Tanella Suzanne Boni (born 1954) is an Ivorian poet and novelist. Also an academic, she is Professor of Philosophy at the University of Abidjan. Apart from her teaching and research activities, she was the President of the association of writers of the Côte d'Ivoire from 1991 to 1997, and later the organizer of the International Poetry Festival in Abidjan from 1998 to 2002.

Biography
Tanella Boni was born in Abidjan, Côte d'Ivoire, where she was educated to high-school level, before going on to further university studies in Toulouse, France, and at the University of Paris, obtaining a PhD. She subsequently became Professor of Philosophy at the University of Cocody-Abidjan (now the University of Félix Houphouët-Boigny), as well as writing poetry, novels, short stories, criticism, and children's literature.

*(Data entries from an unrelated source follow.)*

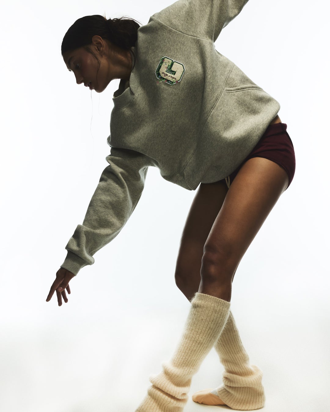 Guizioが手がける女性らしいシルエットのデザインは、世界的に著名なセレブリティやインフルエンサーから広く支持されております。第二弾は、Guizioの先進的でユニークなデザインと、チャンピオンの歴史の中で培ってきたクオリティと機能性を融合して誕生したコレクションです。Championのヴィンテージウィンドブレーカーからインスピレーションを得たスタンドカラーのジップジャケットや今回のコラボレーション限定の「N.Y. Champion® Guizio」のロゴとイチゴを組み合わせてデザインしたユニークなグラフィックの刺繍入りの「Reverse Weave®(リバースウィーブ®)」製法を採用したクロップド丈のフーデッドスウェットシャツの他、クルーネックスウェットシャツ、ロングスリーブTシャツ、ショーツなどアイコニックなアイテムを全5型を展開いたします。
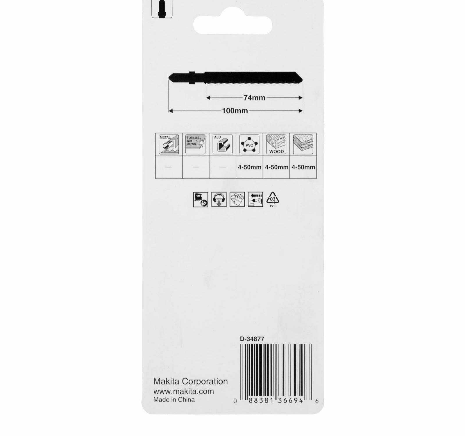 Пилка для лобзика Makita Fast по дереву 100х1.2х6TPI, 5 шт D-34883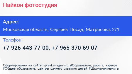 Найкон, фотостудия по адресу Московская область, Сергиев Посад, Матросова, 2/1 в дальнейшем Организация, размещена в следующих категориях: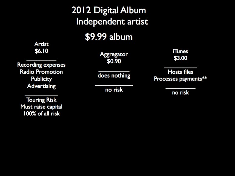So at last we get to the part of the new digital paradigm where things should work as promised. The independent artist on their own label who directly releases their recorded music through iTunes, Amazon Mp3 store etc. This is where we would expect to find the artists benefiting from the process of “disintermediation”. This is where we should find the artists that are capturing the lions share of revenue. This is where we should find that vibrant marketplace of small stakeholders competing with multi-national conglomerates. This is where the playing field should be even. This is what the tech visionaries promised us anyway.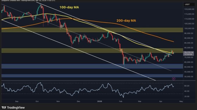 Things have been quietly shifting in Bitcoin’s market structure over the past two weeks. After spending the better part of Q1 2026 in a relentless grind lower, BTC is now trading around $75.2k, above the upper boundary of the descending channel and at the $75k–$80k key resistance band. The question is no longer whether a recovery is underway, but whether it has enough structural backing to become something more durable.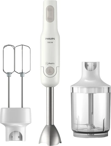 Je gebruikt deze staafmixer kort voor harde ingrediënten en langer achter elkaar voor zachte ingrediënten.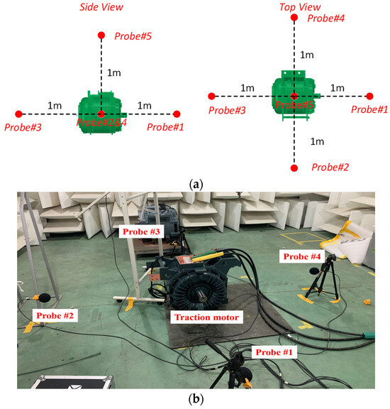 Motor noise test. (a) Schematic layout of measurement points. (b) Test setup.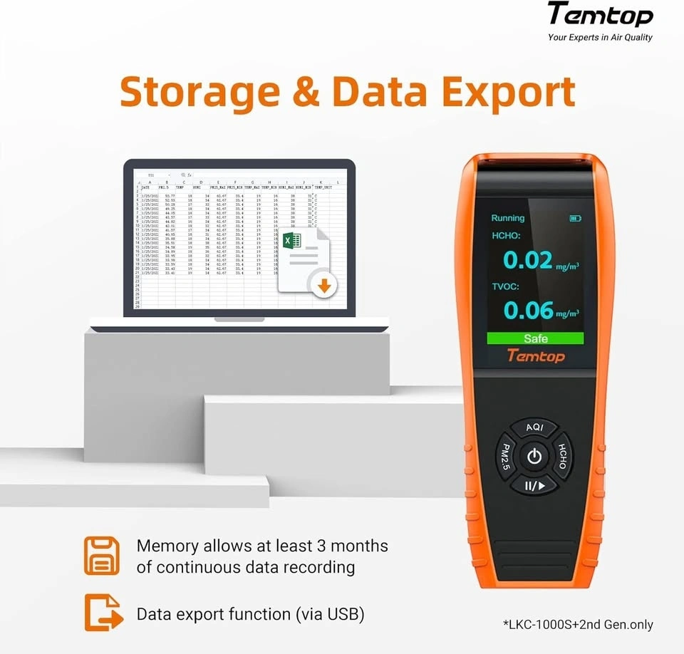 Temtop Indoor Air Quality Monitor PM2.5 PM10 Formaldehyde(HCHO) AQI Temperature Humidity Meter Particle Counter tVOC Sensor Air Pollution Detection w/Data Export for Office Wildfire (LKC 1000S+2nd)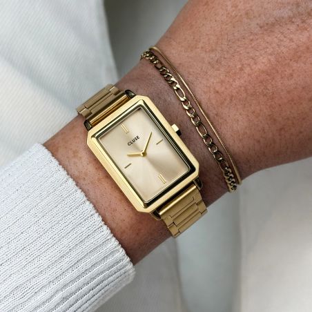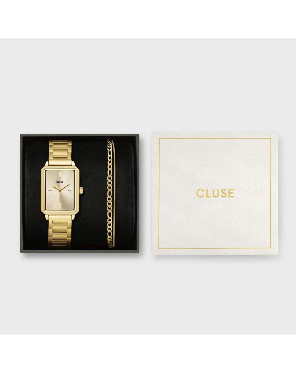 Verwen uzelf (of iemand anders) met een cadeau dat even chic als tijdloos is met deze CLUSE-box , bestaande uit een rechthoekig gouden horloge en een bijpassende schakelarmband .

She served as President of the Writers' Association of Côte d'Ivoire from 1991 to 1997 and organized Abidjan's International Poetry Festival from 1998 to 2002. During the political strife in Côte d'Ivoire (from 2002 until 2011) she self-exiled to France. In 2005, she received the Ahmadou Kourouma Prize for her novel Matins de couvre-feu (Mornings after curfew). In 2009, she won the Antonio Viccaro International Poetry Prize. Since 2013, Boni divides her time between Abidjan and Paris.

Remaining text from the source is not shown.